_Action item_
Give the entries below again exactly. Their pictures are not needed.

_Supplied material_
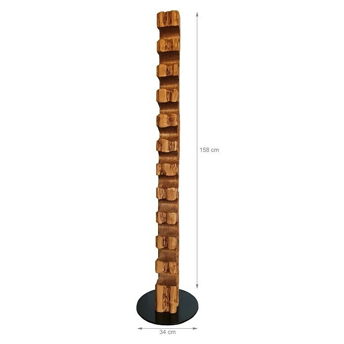 Dieser aus Massivholz in deutscher Handarbeit künstlich auf alt gestylte Weinständer, welcher sich nahtlos in jede Einrichtung einfügt, ist, aufgrund seiner ihm verliehenen Struktur, ein Unikat. Er eignet sich ideal als Geschenk für jeden Weinliebhaber oder für die perfekte Präsentation Ihres guten Weines. Die unterschiedlichen Narben, Risse und Einkerbungen verleihen dem Weinregal seine individuelle Note mit eigenem Charme und Charakter. Dieser Weinhalter weist eine Höhe von 158 cm und einen Durchmesser von 34 cm auf. Er bietet Platz für bis zu 11 Weinflaschen bei einem stabilen Stand auf einer runden, schwarz lackierten Stahlplatte. Die Flaschenhalterungen mit einem Ø von 80 mm sind speziell für handelsübliche 0,75 l Weinflaschen vorgesehen. Wir empfehlen Flaschen mit einem Ø von 68 – 80 mm zu verwenden.
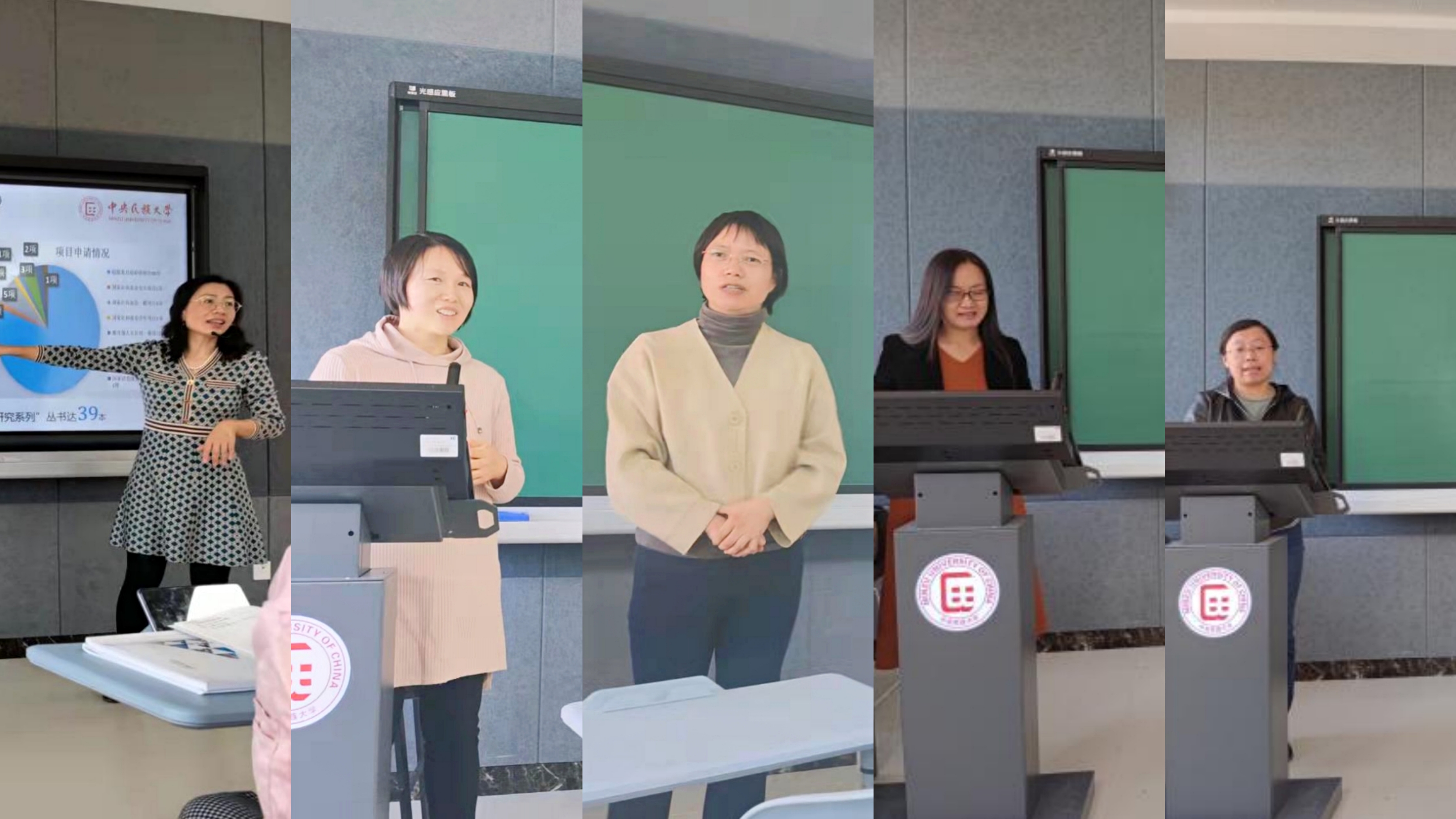 从左到右依次为江傲霜副院长、冯凌宇副教授、曾立英教授、罗莲副教授、孙晓明教授
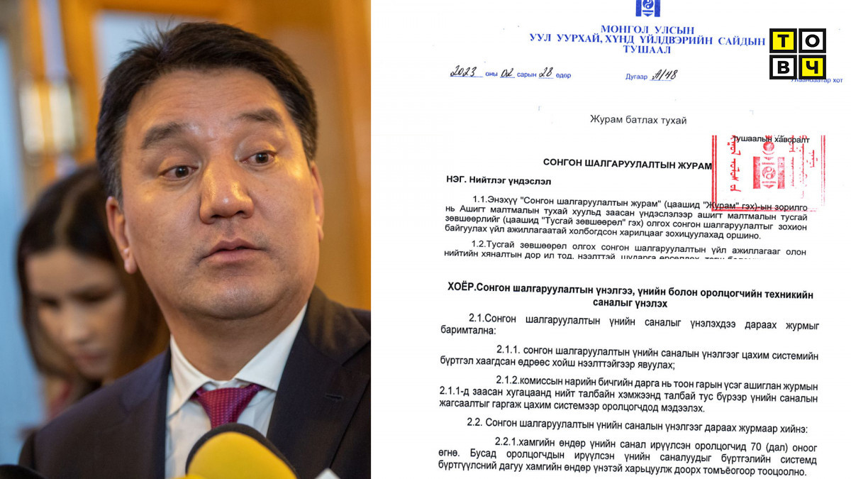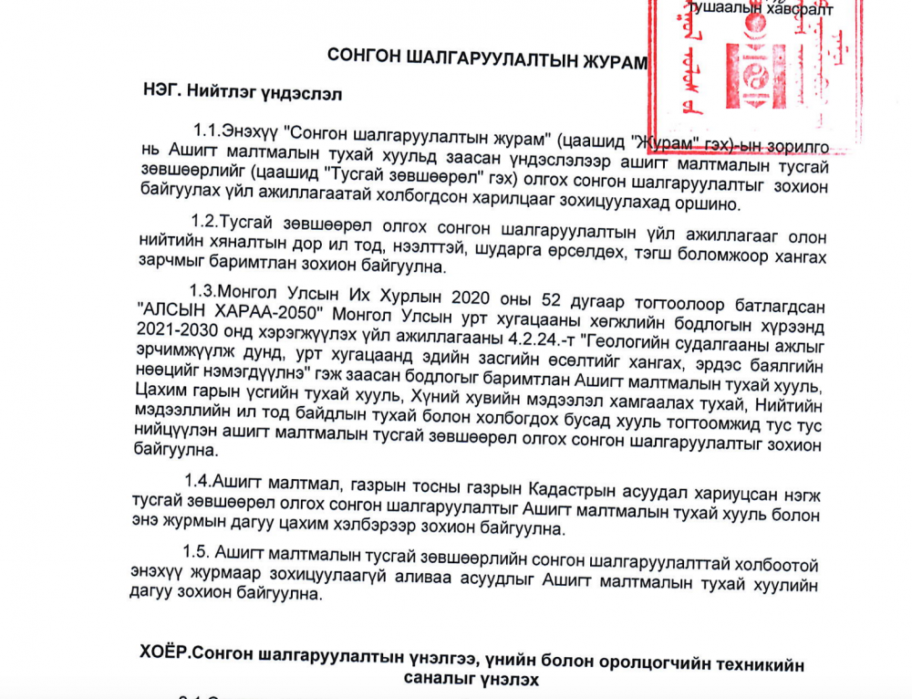 Учрыг сийрүүлье. Ашигт малтмалын тусгай зөвшөөрөл олгох “Сонгон шалгаруулалт” нь геологийн судалгааны ажлыг эрчимжүүлэх, дунд, урт хугацааны эдийн засгийн өсөлтийг хангахад чиглэсэн байдаг. Тодруулбал Монгол орны 21 аймаг, 330 сумын нутаг дэвсгэрт алт, нүүрс зэрэг ашигт малтмал байгаа эсэхэд хайгуулж хийж, хайгуулын үр дүнд уул уурхайн нөөц баялагтай том том ордуудыг илрүүлэхэд тендерийн зорилго оршдог. Гэтэл энэ тендерт оролцох шалгаруурыг Ж.Ганбаатар сайд болонгуутаа өөрчилж, дэнчингийн хувийг нэмэгдүүлжээ.
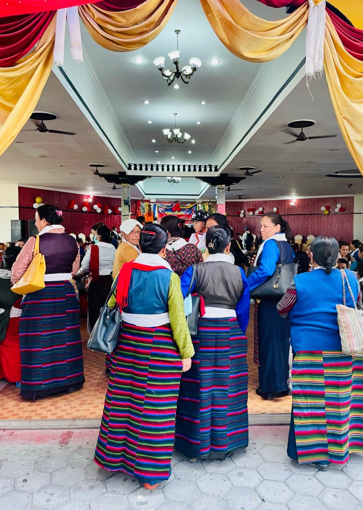 The women wearing classic Tibetan dressesMike, Tanner and Gombu attended the wedding as well.
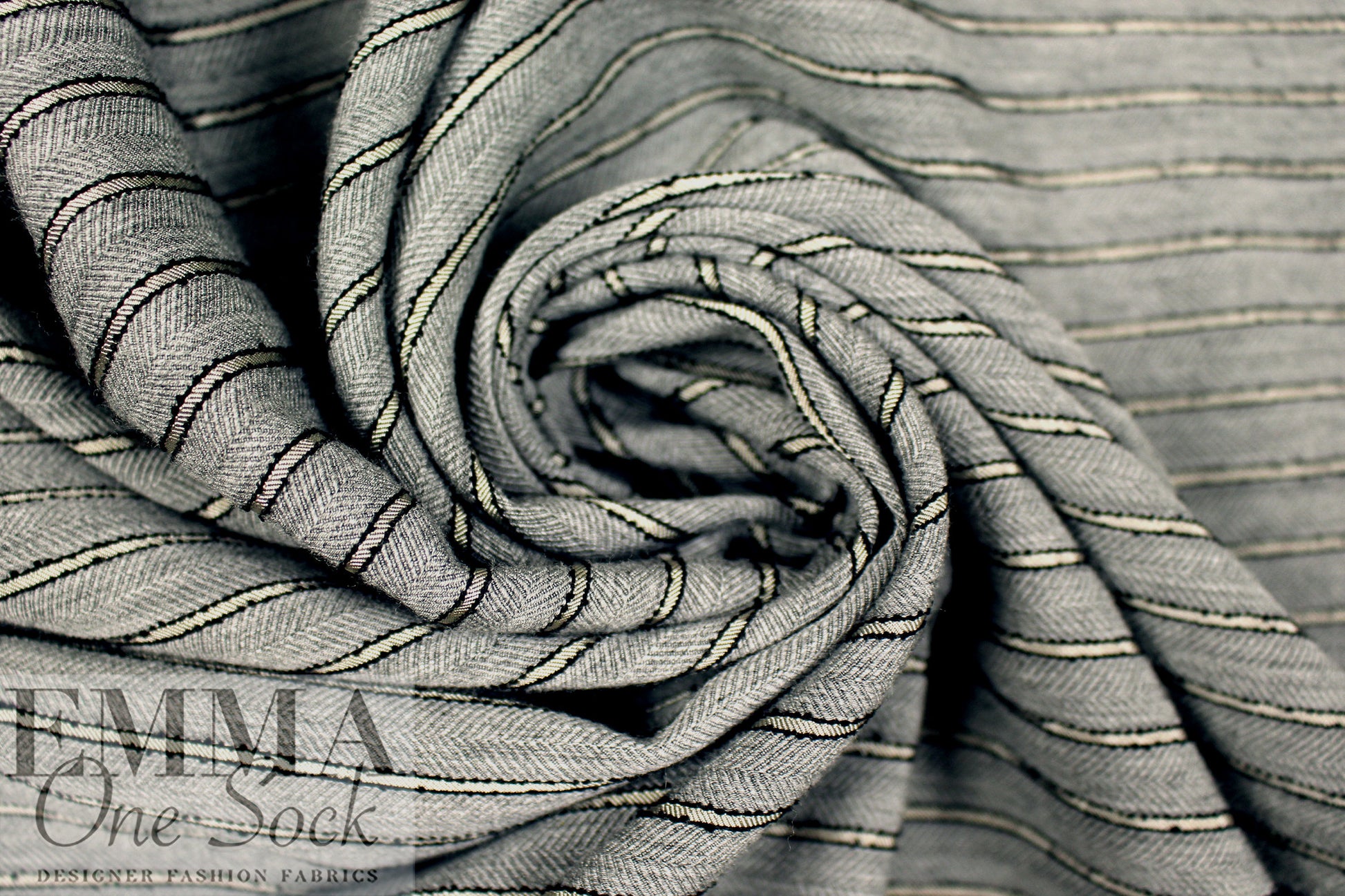 designer herringbone stripe yarn-dye woven - pewter/silver
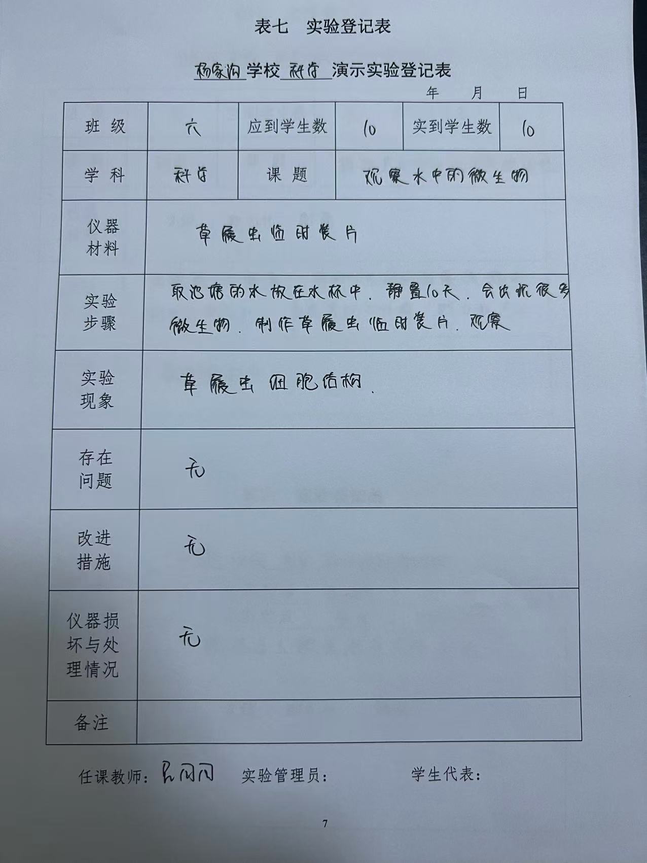 实验登记表
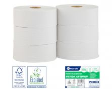 Kód: POB503recyklovaný papír, bílý dvouvrstvý délka 68 m pasuje na všechny typy držáku dostupných na trhu má certifikáty FSC a EU Ecolabel: PL/004/011 obchodní balení obsahuje 18 rolí papíru
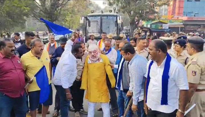ಕೇಂದ್ರ ಸಚಿವ ಅಮಿತ್ ಶಾ ವಿರುದ್ದ ದಿಕ್ಕಾರ ಕೂಗಿ ಆಕ್ರೋಶ ವ್ಯಕ್ತಪಡಿಸಿ, ಅಮಿತ್ ಶಾ ಪ್ರತಿಕೃತಿಯ ಅಣುಕು ಶವಯಾತ್ರೆ ಮಾಡಿ ನಂತರ ಆ ಪ್ರತಿ ಕೃತಿಯನ್ನು ದಹನ ಮಾಡಿದರು.

_Answer to this exercise_
 Dieser aus Massivholz in deutscher Handarbeit künstlich auf alt gestylte Weinständer, welcher sich nahtlos in jede Einrichtung einfügt, ist, aufgrund seiner ihm verliehenen Struktur, ein Unikat. Er eignet sich ideal als Geschenk für jeden Weinliebhaber oder für die perfekte Präsentation Ihres guten Weines. Die unterschiedlichen Narben, Risse und Einkerbungen verleihen dem Weinregal seine individuelle Note mit eigenem Charme und Charakter. Dieser Weinhalter weist eine Höhe von 158 cm und einen Durchmesser von 34 cm auf. Er bietet Platz für bis zu 11 Weinflaschen bei einem stabilen Stand auf einer runden, schwarz lackierten Stahlplatte. Die Flaschenhalterungen mit einem Ø von 80 mm sind speziell für handelsübliche 0,75 l Weinflaschen vorgesehen. Wir empfehlen Flaschen mit einem Ø von 68 – 80 mm zu verwenden.
 从左到右依次为江傲霜副院长、冯凌宇副教授、曾立英教授、罗莲副教授、孙晓明教授
 Учрыг сийрүүлье. Ашигт малтмалын тусгай зөвшөөрөл олгох “Сонгон шалгаруулалт” нь геологийн судалгааны ажлыг эрчимжүүлэх, дунд, урт хугацааны эдийн засгийн өсөлтийг хангахад чиглэсэн байдаг. Тодруулбал Монгол орны 21 аймаг, 330 сумын нутаг дэвсгэрт алт, нүүрс зэрэг ашигт малтмал байгаа эсэхэд хайгуулж хийж, хайгуулын үр дүнд уул уурхайн нөөц баялагтай том том ордуудыг илрүүлэхэд тендерийн зорилго оршдог. Гэтэл энэ тендерт оролцох шалгаруурыг Ж.Ганбаатар сайд болонгуутаа өөрчилж, дэнчингийн хувийг нэмэгдүүлжээ.
 The women wearing classic Tibetan dressesMike, Tanner and Gombu attended the wedding as well.
 designer herringbone stripe yarn-dye woven - pewter/silver
 实验登记表
 Kód: POB503recyklovaný papír, bílý dvouvrstvý délka 68 m pasuje na všechny typy držáku dostupných na trhu má certifikáty FSC a EU Ecolabel: PL/004/011 obchodní balení obsahuje 18 rolí papíru
ಕೇಂದ್ರ ಸಚಿವ ಅಮಿತ್ ಶಾ ವಿರುದ್ದ ದಿಕ್ಕಾರ ಕೂಗಿ ಆಕ್ರೋಶ ವ್ಯಕ್ತಪಡಿಸಿ, ಅಮಿತ್ ಶಾ ಪ್ರತಿಕೃತಿಯ ಅಣುಕು ಶವಯಾತ್ರೆ ಮಾಡಿ ನಂತರ ಆ ಪ್ರತಿ ಕೃತಿಯನ್ನು ದಹನ ಮಾಡಿದರು.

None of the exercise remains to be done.